One simple activity stands to drastically reduce these problems as more people engage in it: Harvesting the rain.
For those interested, there is a free event this Sunday from 10 a.m. until 2 p.m. at the Santa Monica Airport, called the Rain Barrel & Cistern Sales Event. It is the city of Santa Monica’s Office of Sustainability and the Environment’s (OSE) first annual rainwater harvesting products showcase and sales event. It will feature many leading manufacturers and distributors.
One especially enticing reason to check this out applies to anyone building a new structure or looking to remodel. There is a city ordinance which requires that one out of every three-quarters of an inch of rain water be captured and used.
Shopping for rainwater harvesting materials and shipping them can be costly, considering that most aren’t domestic distributors.
But if one was to go to this event, they could look at their options in front of them, as compared to looking on a computer screen and any purchases would skip any shipping fees, said Kimberly O’Cain, water resource specialists with the city of Santa Monica’s Office of Sustainability and the Environment.
There will be nine venders on hand Sunday, who sell rain barrels and cisterns.
Additionally, O’Cain points out that although the grants that helped fund individuals in the past are no longer available, rebates are now in place that cover the cost of the products and help cover the installation costs.
O’Cain points to additional incentives of keeping the groundwater stocked, protecting the bay from accumulated runoff drudge, and the internal sense of sustainability as benefits of harvesting the rain in Santa Monica.
This rain isn’t for drinking, O’Cain points out. Harvested rain is for irrigating small vegetable gardens, herb gardens, and, if you capture enough, an individual could water their lawn with it.
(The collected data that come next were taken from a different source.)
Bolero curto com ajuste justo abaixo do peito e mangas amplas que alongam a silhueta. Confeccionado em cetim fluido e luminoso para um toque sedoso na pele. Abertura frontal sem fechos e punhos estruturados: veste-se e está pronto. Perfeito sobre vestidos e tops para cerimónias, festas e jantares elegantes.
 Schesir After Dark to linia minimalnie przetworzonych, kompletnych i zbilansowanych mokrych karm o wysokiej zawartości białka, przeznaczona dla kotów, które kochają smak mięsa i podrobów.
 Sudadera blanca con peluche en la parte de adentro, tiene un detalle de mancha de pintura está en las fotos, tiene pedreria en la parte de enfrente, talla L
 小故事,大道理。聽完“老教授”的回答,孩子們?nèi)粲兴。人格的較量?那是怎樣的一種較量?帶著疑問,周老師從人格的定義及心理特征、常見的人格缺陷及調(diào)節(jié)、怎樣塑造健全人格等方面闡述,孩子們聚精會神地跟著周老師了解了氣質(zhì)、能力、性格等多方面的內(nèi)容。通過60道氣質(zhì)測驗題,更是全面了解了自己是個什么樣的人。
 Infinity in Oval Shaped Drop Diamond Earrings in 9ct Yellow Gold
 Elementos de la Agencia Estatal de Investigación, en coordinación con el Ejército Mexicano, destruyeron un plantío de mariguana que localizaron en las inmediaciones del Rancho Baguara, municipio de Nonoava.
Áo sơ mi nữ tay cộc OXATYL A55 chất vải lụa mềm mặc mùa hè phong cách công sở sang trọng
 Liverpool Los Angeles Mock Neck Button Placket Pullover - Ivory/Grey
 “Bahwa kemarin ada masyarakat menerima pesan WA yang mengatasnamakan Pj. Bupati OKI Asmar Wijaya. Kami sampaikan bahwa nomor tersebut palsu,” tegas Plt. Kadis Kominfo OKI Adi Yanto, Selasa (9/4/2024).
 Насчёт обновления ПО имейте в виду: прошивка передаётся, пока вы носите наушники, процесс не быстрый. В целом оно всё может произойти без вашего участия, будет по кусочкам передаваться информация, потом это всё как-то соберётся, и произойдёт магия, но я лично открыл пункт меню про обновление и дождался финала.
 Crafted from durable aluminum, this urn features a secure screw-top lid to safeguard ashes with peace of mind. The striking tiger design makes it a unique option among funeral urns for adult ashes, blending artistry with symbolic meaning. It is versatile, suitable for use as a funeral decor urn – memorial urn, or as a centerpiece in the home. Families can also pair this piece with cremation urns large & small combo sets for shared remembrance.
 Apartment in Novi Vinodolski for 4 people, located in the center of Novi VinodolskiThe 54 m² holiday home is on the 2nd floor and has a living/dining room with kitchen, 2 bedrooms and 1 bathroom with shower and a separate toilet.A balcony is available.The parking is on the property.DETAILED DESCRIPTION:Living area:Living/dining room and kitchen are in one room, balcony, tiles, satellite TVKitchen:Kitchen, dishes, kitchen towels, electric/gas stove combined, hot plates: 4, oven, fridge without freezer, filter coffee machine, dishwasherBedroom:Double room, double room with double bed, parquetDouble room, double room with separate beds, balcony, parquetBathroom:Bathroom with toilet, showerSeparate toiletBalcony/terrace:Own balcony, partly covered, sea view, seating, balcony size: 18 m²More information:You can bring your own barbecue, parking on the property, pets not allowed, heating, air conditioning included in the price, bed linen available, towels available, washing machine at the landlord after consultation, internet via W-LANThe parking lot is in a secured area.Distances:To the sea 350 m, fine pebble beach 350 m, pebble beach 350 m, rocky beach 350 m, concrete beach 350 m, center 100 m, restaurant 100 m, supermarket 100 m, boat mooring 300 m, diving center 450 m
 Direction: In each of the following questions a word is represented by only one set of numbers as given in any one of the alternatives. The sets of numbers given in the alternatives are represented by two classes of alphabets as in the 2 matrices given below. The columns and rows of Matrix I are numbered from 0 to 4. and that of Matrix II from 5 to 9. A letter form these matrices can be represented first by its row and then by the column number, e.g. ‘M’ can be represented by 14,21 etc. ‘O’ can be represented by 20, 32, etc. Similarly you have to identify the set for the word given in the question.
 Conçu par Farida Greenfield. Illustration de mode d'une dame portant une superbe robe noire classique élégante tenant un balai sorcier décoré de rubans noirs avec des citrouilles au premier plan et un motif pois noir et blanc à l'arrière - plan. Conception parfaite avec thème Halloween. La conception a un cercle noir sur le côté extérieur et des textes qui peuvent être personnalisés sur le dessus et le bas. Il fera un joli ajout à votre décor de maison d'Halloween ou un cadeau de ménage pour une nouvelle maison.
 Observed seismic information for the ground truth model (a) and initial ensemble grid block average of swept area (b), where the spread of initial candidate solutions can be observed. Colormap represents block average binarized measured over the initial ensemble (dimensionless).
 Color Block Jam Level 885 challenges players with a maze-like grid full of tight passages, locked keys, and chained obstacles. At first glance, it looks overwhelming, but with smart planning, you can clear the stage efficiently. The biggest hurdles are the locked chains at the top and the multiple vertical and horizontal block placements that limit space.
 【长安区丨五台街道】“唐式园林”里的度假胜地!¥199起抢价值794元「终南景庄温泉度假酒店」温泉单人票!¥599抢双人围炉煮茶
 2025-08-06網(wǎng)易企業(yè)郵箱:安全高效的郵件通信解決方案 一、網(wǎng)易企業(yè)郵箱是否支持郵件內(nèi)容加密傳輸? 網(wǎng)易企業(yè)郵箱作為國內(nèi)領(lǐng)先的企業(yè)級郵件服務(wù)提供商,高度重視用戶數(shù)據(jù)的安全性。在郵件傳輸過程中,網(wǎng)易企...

The practice of harvesting rain is relatively new to Santa Monica. About five years ago, there was a grant program for residents, which many took advantage of. As stated earlier, those grants have been replaced with rebates. Since the grants were implanted late last year, just four people have taken advantage of them. O’Cain hopes the sales event will help muster more interested conversationalists.
Rain barrels are the easiest and least expensive way to get started. Those attending can see examples of how to install the products. If rain barrels aren’t enough, cisterns are the way to go. Holding anywhere from hundreds to thousands of gallons, cisterns will
be on display for the professionals or the more adventurous.